Jacques Dupuis Sono nato il 5 dicembre 1923 a Huppaye, nella provincia del Brabante, in Belgio. Vengo da una famiglia benestante con una lunga tradizione di professioni liberali. Mio padre, Fernand, era un ingegnere che divenne direttore generale di un’importante fabbrica siderurgica. Mia madre, Lucie, proveniva da una famiglia di notai. Nel lavoro mio padre era molto esigente nei confronti di sé e degli altri, un perfezionista che non tollerava la mediocrità. Ma era nello stesso tempo molto umano nei rapporti con i suoi dipendenti, più di mille, e rappresentava per loro un esempio di onestà professionale e coscienziosità. Trattava tutti con la massima giustizia e, nonostante fosse molto esigente, riusciva a farsi volere bene da tutti.

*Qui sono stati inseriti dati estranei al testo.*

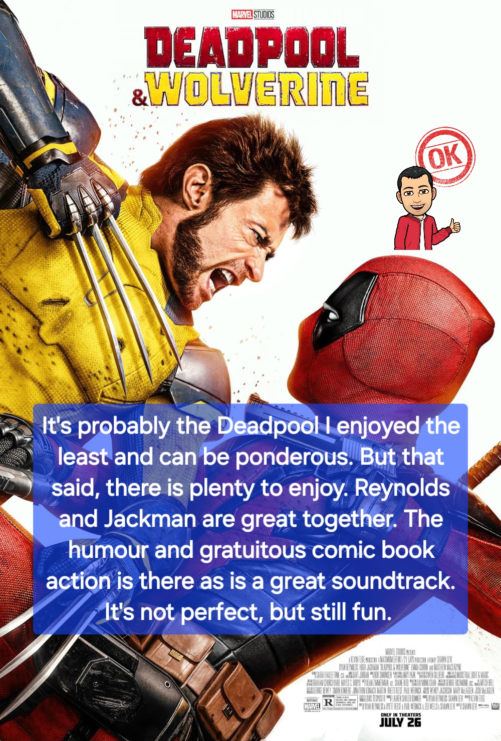 It’s probably the Deadpool I enjoyed the least and can feel slow. But that said, there is plenty to enjoy. Reynolds and Jackman are great together. The humour and gratuitous comic book action is there as is a great soundtrack. It’s not perfect, but still fun.

Mia mamma era a dir poco una santa, una madre ideale per la sua mitezza, l’attenzione agli altri, la generosità sconfinata. Ho sempre pensato che i miei genitori si completassero meravigliosamente l’un l’altro. Insieme sono riusciti a costruire una famiglia unita. Eravamo quattro figli: io ero il terzo, con un fratello e una sorella più grandi, Michel e Monique, e uno più piccolo, André. Noi primi tre siamo nati a breve distanza l’uno dall’altro e siamo stati educati insieme, mentre il fratello minore è arrivato sette anni dopo di me. La vicinanza di età fra noi primi tre ha costituito un legame profondo che dura ancora oggi, anche se ho perso la mia unica sorella, morta nel 1997: una perdita che sento ancora con dolore.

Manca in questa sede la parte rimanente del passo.